Hublot Big Bang: Combines A Star Cricketer’s Design With Conservation Cool

Bless the watch down in Africa.

Hublot Big Bang: Combines A Star Cricketer’s Design With Conservation Cool

The stylish sportsmen gracing billboards and glossy magazines with their dapper looks tend to come from a handful of select games. It’s tennis; it’s golf; it’s motorsport or football.
It’s not, to borrow a phrase, cricket. Those white outfits and baggy greens don’t lend themselves to cool. So it’s perhaps surprising that Hublot’s best-looking Big Bang yet was designed by a former star cricketer.

Kevin Pietersen MBE was a batsman on the English Cricket Team between 2005 and 2014. He still holds the record for being the fastest player to cross 2,000 runs in one-day cricket. The Guardian even called him ‘Britain’s greatest batsman’ back in 2012, although his partnership with Hublot actually came about not because of his swashbuckling work on the field but for his conservation efforts.

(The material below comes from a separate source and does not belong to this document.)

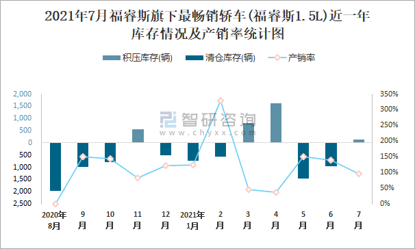 2021年7月福睿斯旗下最暢銷車(福睿斯1.5L)近一年庫存情況及產(chǎn)銷率統(tǒng)計圖
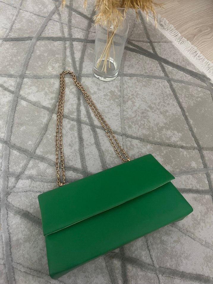 Zincir askılı, parlak yeşil sentetik kumaştan yapılmış, minimalist ve çağdaş tarzda günlük kullanıma uygun kadın çantası.

Last year Kevin founded SORAI – Save Our Rhino Africa India – which supports the various organisations, like rangers, nutritionists and ecologists who everyday work towards saving and caring for rhinos across Africa and Asia. The global initiative is designed to raise public awareness and funds to build up the resources and equipment needed for these rhino conservation activities.


This is where Hublot and its new Big Bang come in. Hublot partnered with Pietersen and SORAI to create the Big Bang Unico Sorai from which a proportion of the money from sales will be directly paid to Care for Wild to help look after orphaned baby rhinos. Part of the money will also go towards the South African National Parks agency to reinforce their nocturnal surveillance capabilities. But more about the watch and why we think it’s the best Big Bang yet.

The 45-mm micro-blasted beige ceramic dial mimics the colours of the African bush with contrasting black pushers and hardware. The skeleton dial is finished in matt beige and features a white rhino at the 9 o’clock position. The movement that powers the piece is Hublot’s self-winding HUB1242 which gives 72 hours of power reserve.

The watch comes with two NATO straps, one in a camouflage style while the other is made of rubber. The camo strap is made with selective technology that produces motifs that are perfectly drawn with an accuracy of a tenth of a millimeter — a first in the watchmaking world, according to Hublot.

Only 100 limited editions of the watch will be created and will set you back US$25,000 (AUD$31,100). Not only is a great looking watch, but one that will go towards saving the rhino, which is at risk of extinction by 2025.